Special Operations Forces operate “from the tropics to the Arctic regions, from under water to high elevations, and from peaceful areas to violent combat zones,” said Adm. Eric T. Olson, the Commander of U.S. Special Operations Command (SOCOM).
“Although the precision counterterrorism missions certainly receive the most attention,” he told Congress in the 2011 SOCOM posture statement (pdf) last March, “SOF are conducting a wide range of activities in dozens of countries around the world on any given day.”
“On an average day, in excess of 12,000 Special Operations Forces (SOF) and SOF support personnel are deployed in more than 75 countries across the globe,” he said last year (pdf).
The number of special operations personnel has grown 3-5% each year for the last several years and is now approaching 60,000, about one-third of whom are qualified SOF operators.
Meanwhile, the SOCOM budget has increased sharply since 9/11 from $2.1 billion in 2001 to $9.8 billion in FY2011. The FY2012 request is $10.5 billion, the Congressional Research Service noted (pdf).

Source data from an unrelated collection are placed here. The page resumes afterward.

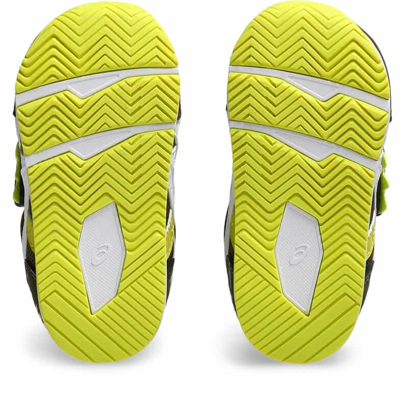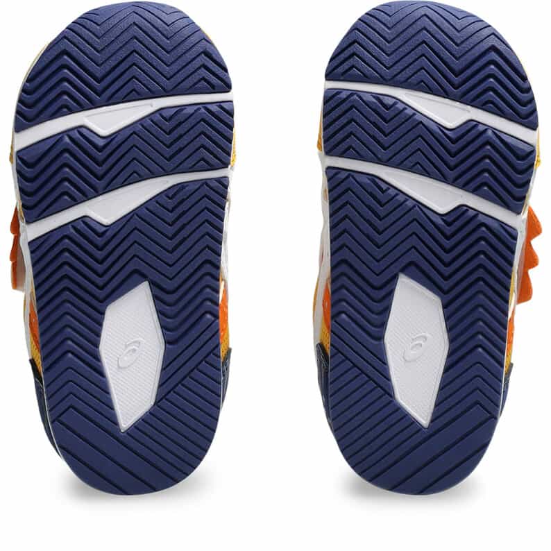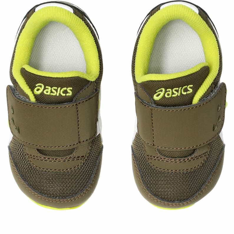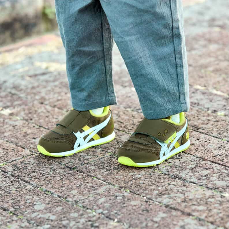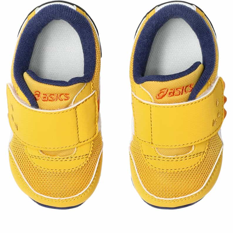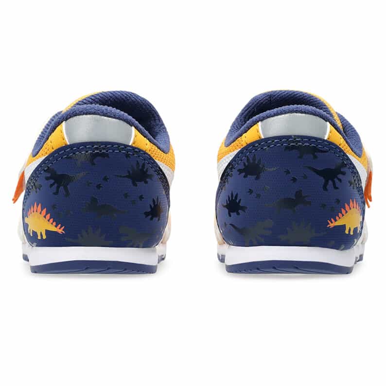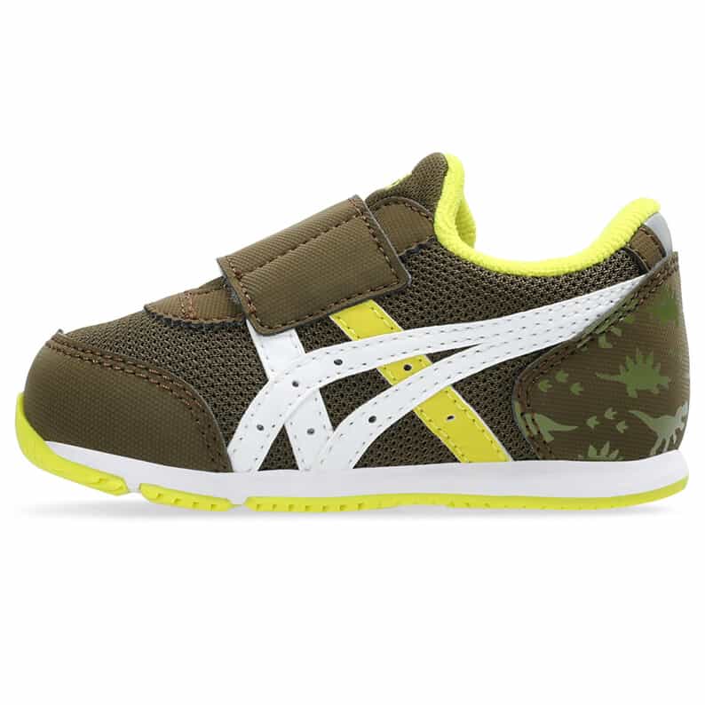 約1歳から3歳の幼児向けに展開する「BABY」シリーズのローカットシューズ。子どもたちの大好きな恐竜をモチーフにした、遊び心のあるアイテムです。扇形のつま先部分は足ゆびをのびのびと動かすことができ、踏ん張りやすいのが特徴です。アウターソールは、足の屈曲位置に合わせて溝を配置した「フレックスグルーヴ」を採用。足の動きにしなやかに追従します。かかとの安定性を重視し、かかとを包み込む立体的なインナーソールを使用しています。インナーソールの表面材には抗菌・消臭効果のあるシャインアップと、汗をすばやく吸収・拡散してドライ感を保つウォーターマジックを採用。靴の中を快適に保ちます。甲の内側を1枚の布で包み込むような構造のキモノフィットタンにより、フィット感を高め、アーチ部の倒れ込みを抑えます。アッパーは通気性に優れたラッセルメッシュを使用。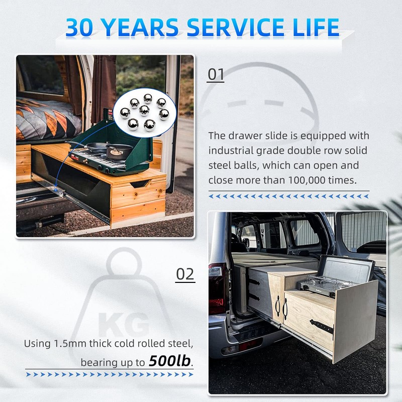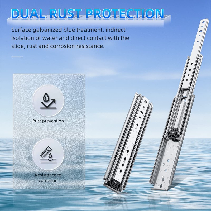 • 【Double Anti-Rust & 30 Years Service Life】— Zinc Plating finish for anti-rust which is twice the traditional ordinary slide. After professional institutions testing,the load open-close cycles times reached 100,000 times.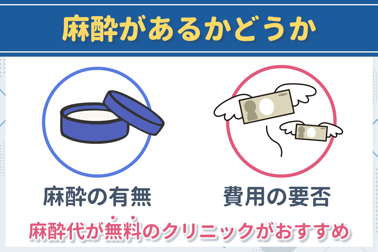しかし、中には麻酔がない場合もあるので、麻酔の有無についてはしっかりと確認しておきましょう。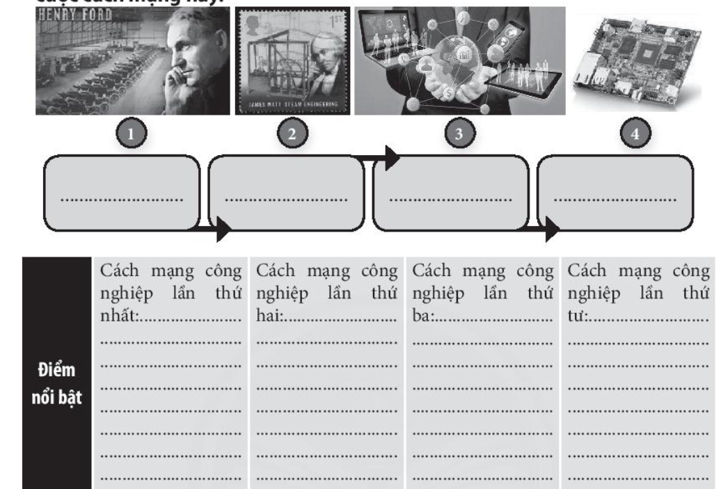 Câu 4. Sắp xếp các hình ảnh dưới đây theo đúng tiến trình phát triển của 4 cuộc cách mạng công nghiệp trên thế giới. Nêu điểm nổi bật của từng cuộc cách mạng này.

New doctrine (pdf) published last month for Special Operations lists 11 “core activities” versus 9 in the previous edition (2003), reflecting the addition of “security force assistance” — aiding the development of foreign security forces — and counterinsurgency. See “Special Operations,” Joint Publication 3-05, April 18, 2011.
In addition to its core tasks, US SOCOM is also assigned by law (10 USC 167j) to perform “such other activities as may be specified by the President or the Secretary of Defense.” This is an open-ended category that is analogous to the statutory language used to authorize CIA covert actions, and it can be used to underwrite an almost unlimited variety of clandestine missions. But while there is a well-defined mechanism for congressional oversight of covert action, no similar process for congressional notification and review appears to exist for clandestine SOF missions.
A U.S. SOCOM Factbook, dated November 2010, is available here (pdf).
Traditionally all male, Special Operations Forces are recognizing new roles for women, Adm. Olson said. “Our attached female Cultural Support Teams (CSTs) allow us to reach key elements of the population in some environments which was not previously possible. This concept of attaching females to SOF units is effective and long overdue; we are urging the Services to recognize the capabilities of CSTs as essential military skills.”
Curiously, Adm. Olson cited the Office of Strategic Services, the CIA precursor organization, as an exemplar of innovation for SOCOM to follow, suggesting that more contemporary models were hard to find. “Our efforts to become more innovative include studying the best practices of other organizations. For example, we are inspired by the ability of the World War II’s Office of Strategic Services to rapidly recruit specialized talent, develop and acquire new technologies and conduct effective global operations within the period of its relatively brief existence.”